Council to decide on 32-storey tower and extension of historic pencil factory next week

John McAslan & Partners and Allies & Morrison are set to be given the go ahead for a major mixed-use scheme in Haringey next week.

Plans for a 32-storey tower and an extension of the historic Berol House pencil factory for developer Berol Quarter Limited have been recommended for approval by Haringey’s planning officer ahead of the council’s next planning committee meeting on 3 July.

The proposals are part of the wider Ashley Road South masterplan, that was given outline permission in 2018, but have now been rejigged and resubmitted after plans for a college were scrapped.

The wider development included 3D Reid’s completed 14-storey mixed-use block, The Gessner, designed for Berkeley Homes, and BPTW’s three-tower, 256-home Cannon Factory and Ashley House for Notting Hill Genesis, which started construction this year.

The new application’s 24,000sq m tower, designed by Allies & Morrison, would provide 210 build-to-rent homes, 35% of which would be classed as affordable. 

Its 30 habitable floors would be topped by a two-storey lift overrun projecting from the top of the tower, with the upper floors set at angles to the ground floor level.

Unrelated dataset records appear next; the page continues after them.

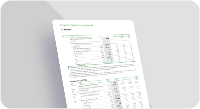 www.se.com Schneider Electric Universal Registration Document 2021 230 Chapter 2 – Sustainable development 2.8 Indicators GRI Indicators Units 2021 2020 2019 2018 SSE #3 – Measured electricity sourced from renewables % 82% 80% 50% 30% Estimated energy consumption by source (1) grid electricity MWh 148,720 UP UP UP purchased renewable electricity (3) MWh 40,443 UP UP UP self generated renewable electricity MWh 0 UP UP UP district heating MWh 5,491 UP UP UP fuel oil MWh 797 UP UP UP gas MWh 49,674 UP UP UP coal MWh 0 UP UP UP renewable fuel and heat MWh 0 UP UP UP 2021 audited indicators. UP = Unpublished. (1) For sites below size thresholds for mandatory environmental reporting, energy consumption by source is estimated by multiplying site surface (m 2 ) with energy intensity ratios (kWh/m 2 ) measured in larger sites. For sites located in countries with country-level renewable electricity contracts, 100% of the estimated electricity consumption of the site is counted as renewable, as such supply contracts cover all sites within a country. (2) 2005 estimated energy productivity is 12,408 € per MWh (3) Renewable electricity reported here includes renewable electricity purchased through Power Purchasing Agreements (PPA) or green tariffs, and electricity covered by Energy Attributes Certificates (EAC). The 2021 EAC account for 43.5% of total purchased renewable electricity measured. Greenhouse gas (GHG) GRI Indicators Units 2021 2020 2019 2018 Estimated coverage (% GHG emissions) % 99% 100% 100% 100% 305 -1, 305-2 Estimated Total scopes 1 and 2 GHG emissions (market-based) (1) TCO 2 e 294,051 2 87, 8 6 5 4 37, 2 9 3 570,431 305-5 Absolute reduction vs base year (2017) (2) % - 57. 9% -58.8% - 37. 4% -18.4% 305-4 Total scopes 1 and 2 per euro turnover TCO 2 e/ million € 10.2 11. 4 16 .1 22.2 305 -1 Direct (scope 1) GHG emissions (1) TCO 2 e 140,936 142,658 18 0,751 189,870 of which fuel oil TCO 2 e 4,520 4,4 51 5,74 8 6,626 of which gas TCO 2 e 56,776 5 2,197 61,733 65,631 of which coal TCO 2 e 0 0 0 0 of which vehicle fleet TCO 2 e 62,683 73,229 91,16 9 94,287 of which SF 6 emissions (3) TCO 2 e 6 ,10 4 7, 5 5 7 13,601 13,010 SF 6 leakage rate % 0.10% 0 .14% 0.24% 0.26% Target SF 6 leakage rate % 0.19% 0.25% 0.25% 0.25% of which estimated scope 1 GHG emissions of sites out of reporting perimeter (4) TCO 2 e 10,853 5,224 8,499 10,316 305-2 Energy indirect (Scope 2) GHG emissions (1) TCO 2 e 153,115 145,207 256,542 380,561 of which grid electricity (market-based) TCO 2 e 66,692 70 ,14 5 13 4 ,12 2 258,975 of which renewable electricity (market-based) (5) TCO 2 e 701 694 795 219 of which district heating TCO 2 e 14,714 11, 5 5 0 35,020 39,5 41 of which estimated scope 2 GHG emissions of sites out of reporting perimeter (market- based) (4) TCO 2 e 71,008 62,818 86,605 81,825 305-3 Other relevant indirect (scope 3) GHG emissions TCO 2 e 68,901,866 65,921,222 74,256,245 70,765,244 305-5 Absolute variation vs base year (2017) (2) % 2.2% -2.2% 10.2% 5.0% 305-4 Total scope 3 per euro turnover TCO 2 e/ million € 2,384 2,620 2,733 2,750
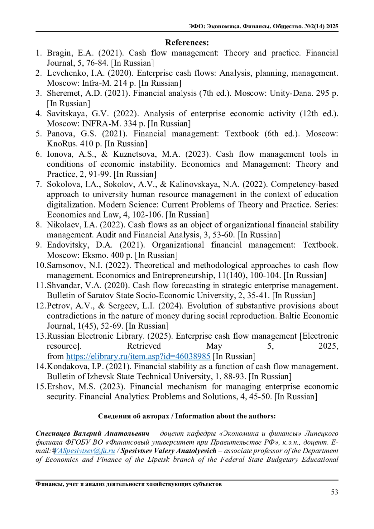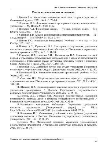 1. Брагин Е.А. Управление денежными потоками: теория и практика // Финансовый журнал. 2021. № 5. С. 76-84.
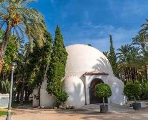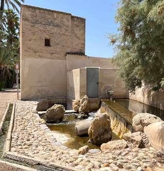 Uso agrícola: producción de dátiles y cultivos de regadío bajo palmeras con un sistema hidráulico de origen en la época romana y consolidación musulmana basada en la Acequia Mayor (canal principal de riego) que toma el agua del río Vinalopó y mediante la Acequia Árabe (red secundaria) la distribuye hacia los huertos, a través de infraestructura de partidores, canales y turnos de riego (dula). El agua también servía para generar actividad económica gracias al Molino del Real dedicado a la molienda de cereal. Este uso se mantiene tras la conquista cristiana.
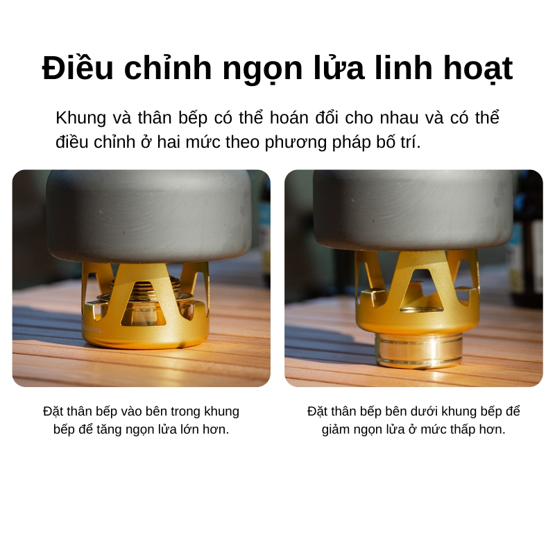 Điều chỉnh lửa linh hoạt: Không giống nhiều mẫu bếp cồn truyền thống chỉ có một mức lửa cố định, bếp cồn mini cắm trại này cho phép xoay nắp để điều chỉnh cường độ lửa. Việc chỉnh lửa giúp kiểm soát nhiệt tốt hơn khi đun nước, nấu soup hay hâm đồ ăn, nhất là trong không gian dã ngoại gió nhẹ.

The tower’s design is split into five component blocks with different heights and material palettes, making it look like a group of separate buildings tightly clustered together.

Berol House, a locally listed building which is currently used as an office, would be refurbished and vertically extended with three new storeys for commercial space under plans by John McAslan.

Built in 1913, the building was occupied by the Eagle Pencil Company factory, later Berol Limited, until 1992.

Berol House

Berol House as it appears now. It is currently used as an office block and will keep this use following its refurbishment and extension

An undercroft pedestrian route, currently known as Berol Passage, would also be expanded to improve links through the site.

The project team includes cost consultant Calfordseaden, planning consultant Lichfields, principal designer Cundall, legal consultant Trowers & Hamlins and WSP on sustainability, energy, wind and transport.

The council’s conservation officer said the plans for Berol House “respect and complement the industrial heritage character of the host building while providing distinctive and well-composed improvements”.

The officer added that the tower, called 2 Berol Yard, would “successfully complement” the existing and emerging context of the area through its “articulated elevations, materials and variations in height that would help to break up the scale and form of the building”.

Mayor of London Sadiq Khan has designated the Tottenham Hale area as a housing zone with a target to build 10,000 new homes and 5,000 new jobs by 2025.

Haringey council’s Tottenham Hale District Centre Framework Masterplan has set out a map to achieve this growth, with the Ashley Road South masterplan site considered to be a key component.